THE Singapore dollar extended gains to an 18-month high versus the greenback as forecasts for the Monetary Authority of Singapore (MAS) to keep a tighter monetary policy relative to the Federal Reserve this year favoured the Asian currency.
Singapore’s dollar rose as much as 0.2 per cent to 1.3154 per US dollar on Wednesday (Aug 14), the highest since Feb 2, 2023. The currency is set for its biggest monthly gain in August since 2023 and is the second-best performer among Asian currencies so far this year after the Malaysian ringgit and the Hong Kong dollar.
MAS is seen easing only next year, while bets are increasing for the Federal Reserve to cut interest rates as soon as September, a move that reduces the appeal of the US dollar. A gauge of Asian currency performance jumped to the highest since March as a retreating greenback boosted exchange rates across the region.

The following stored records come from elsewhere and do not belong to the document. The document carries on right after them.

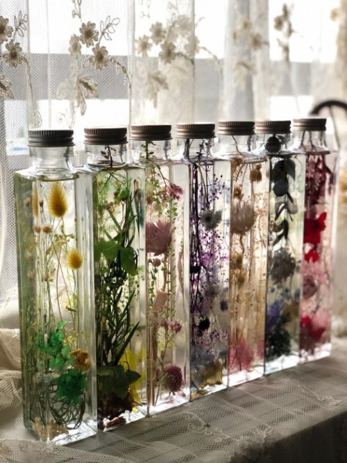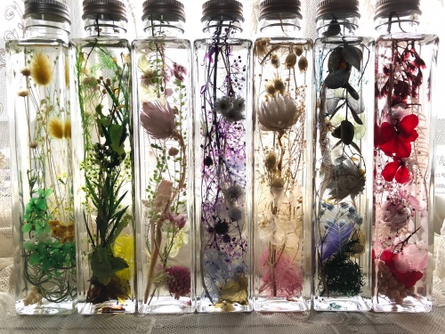ジルのハーバリウムワークショップは、この(下の)7種類の中からキットを選んでいただきます。
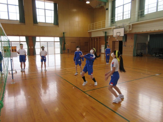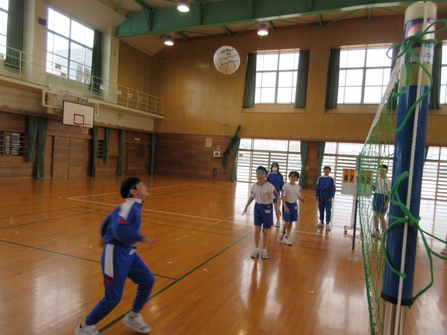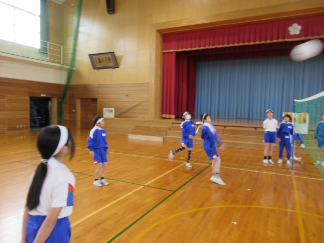 体育科の学習で、ソフトバレーボールに熱中しています。
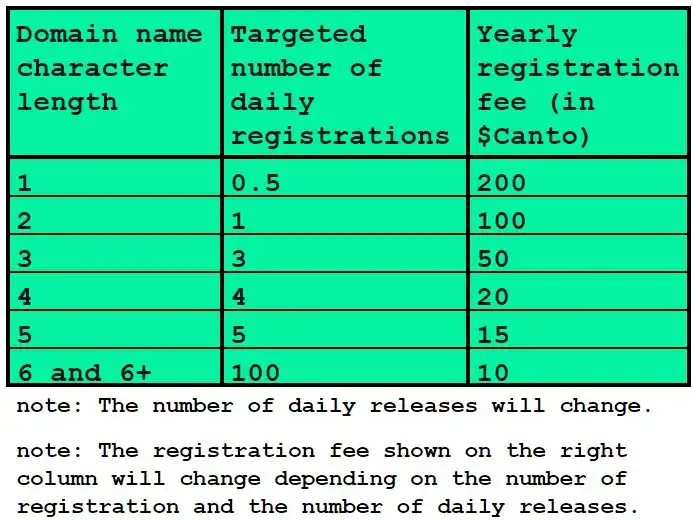 CANTO NAME SERVICE(CNS)即 CANTO 域名服务,于 2 月 1 日正式上线。用户可以通过拥有「.Canto」的域名表明属于「Canto 互联网社会」。官方还吸取了「ENS」、「.com」的域名炒作教训使用了反抢注价格机制,采用可变利率的渐进式荷兰拍卖(VRGDA,Variable Rate Gradual Dutch Auction)对 CNS 进行定价。
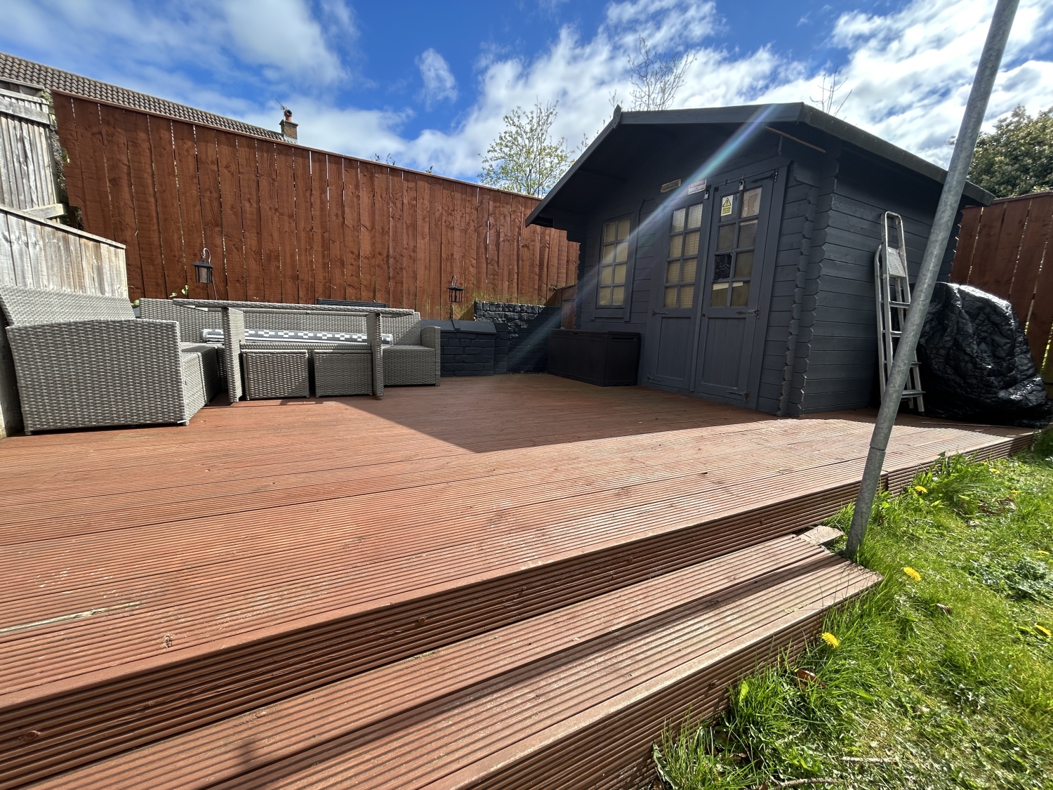 Externally, the property boasts an enclosed rear garden with both lawned and patio areas, along with right‑of‑way access and parking facilities.
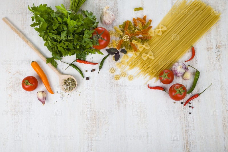 Сырые макаронные изделия и специи

“The trade-weighted SGD will continue to be supported by MAS’ existing appreciation setting which is unlikely to change this year, unless we get a US recession,” said Alvin Tan, head of Asian currency strategy at Royal Bank of Canada in Singapore.
Singapore now sees the economy growing this year by between 2 to 3 per cent, narrowing its forecast from an earlier projection of 1 to 3 per cent. A July non-oil domestic exports report due Friday is expected to show a slight rebound, after registering five straight months of contraction.
The Singapore dollar outperformed Asian peers in 2022 and 2023 but its fortunes could change this year.
“The Singapore dollar may find it harder to end 2024 at the top of the Asia FX league table, as the initiation of Fed rate cuts could buoy risk-on sentiment and the Singapore dollar tends to underperform in a broad US dollar downtrend,” Stephen Chiu and Chunyu Zhang, strategists at Bloomberg Intelligence, wrote in a note this week.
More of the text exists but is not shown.